Mental illness is a highly frequent disorder in which an individual’s cognition, emotion regulation, or behaviour is clinically significantly disturbed [1]. Mental illness stigma is defined as social stereotyping of, or discrimination against, people with mental illness [2]. A study involving 16 countries showed that the public had a high level of stigma towards people with mental illness [3]. Mental illness-related stigma is extremely damaging to people with mental illness, their families, and the health care system [4,5], and those with severe mental illness often face severe stigma [6]. Typical severe mental illnesses include schizophrenia, bipolar disorder, and major depression [7], of which schizophrenia is the most stigmatized mental illness [8,9,10].
Schizophrenia results in individuals’ significant impairments in perceiving reality and changes all aspects of their lives; it affects approximately 24 million people globally [11]. In China, an epidemiological study reported that the lifetime prevalence of schizophrenia among Chinese people was 0.6% between 2013 and 2015 [12]. A recent study reported that the age-standardized incidence rate of schizophrenia in China was 18.47/100,000 in 2019 [13]. The incidence rate implies that almost 8.46 million people in China had schizophrenia [14]. However, a huge number of people with schizophrenia were undetected by the healthcare system, as only 0.29 million (95% UI = 0.26 to 0.33 million) newly diagnosed schizophrenia cases were reported in 2017 in China [15]. Stigma is the main barrier to health-seeking behaviours, and the exploration of schizophrenia stigma is urgent.

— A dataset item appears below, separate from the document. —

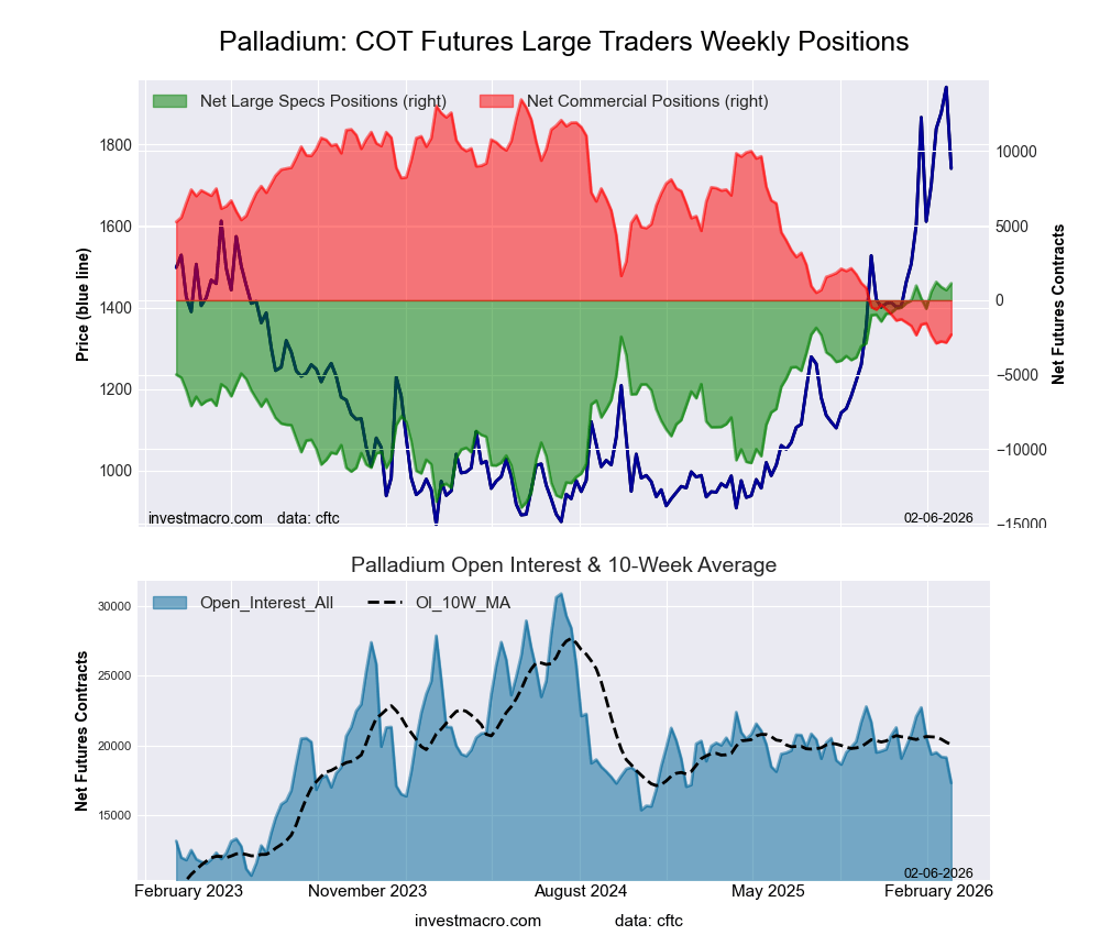 The Palladium Futures large speculator standing this week resulted in a net position of 1,133 contracts in the data reported through Tuesday. This was a weekly advance of 449 contracts from the previous week which had a total of 684 net contracts.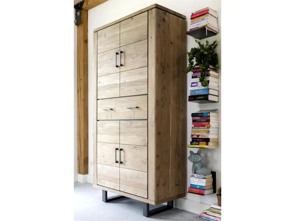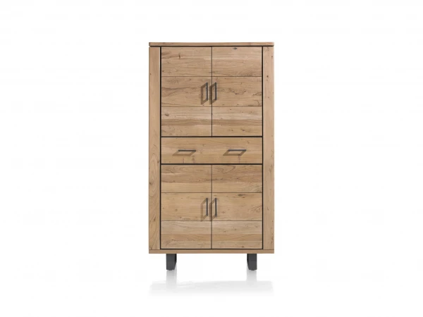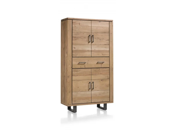 Deze bergkast uit de Quebec collectie heeft 4 deuren en 1 lade met soft-closingsysteem. Je hebt dus genoeg plek om jouw spullen in kwijt te kunnen. De stijlvolle kast staat op stevige zwart metalen poten, wat het houten geheel een luchtig gevoel geeft.

People with schizophrenia face stigma in different aspects of their daily lives, such as in employment [16,17], friendships [18], romantic relationships [16,18], rehabilitation [19,20], social integration [20], and receiving medical treatment [21], which affects their life quality [10,22,23] and reduces their willingness to confide in others or ask for help [16,24,25,26,27]. Such stigmatisation can make them lose their self-esteem and ignore their own symptoms [24,28,29]. The loss of social status and familial respect caused by stigma [16] can even lead to suicide [30]. Meanwhile, stigmatising views held by health professionals can decrease their willingness to work in psychiatric departments [31,32], leading to a shortage of doctors and nurses [33].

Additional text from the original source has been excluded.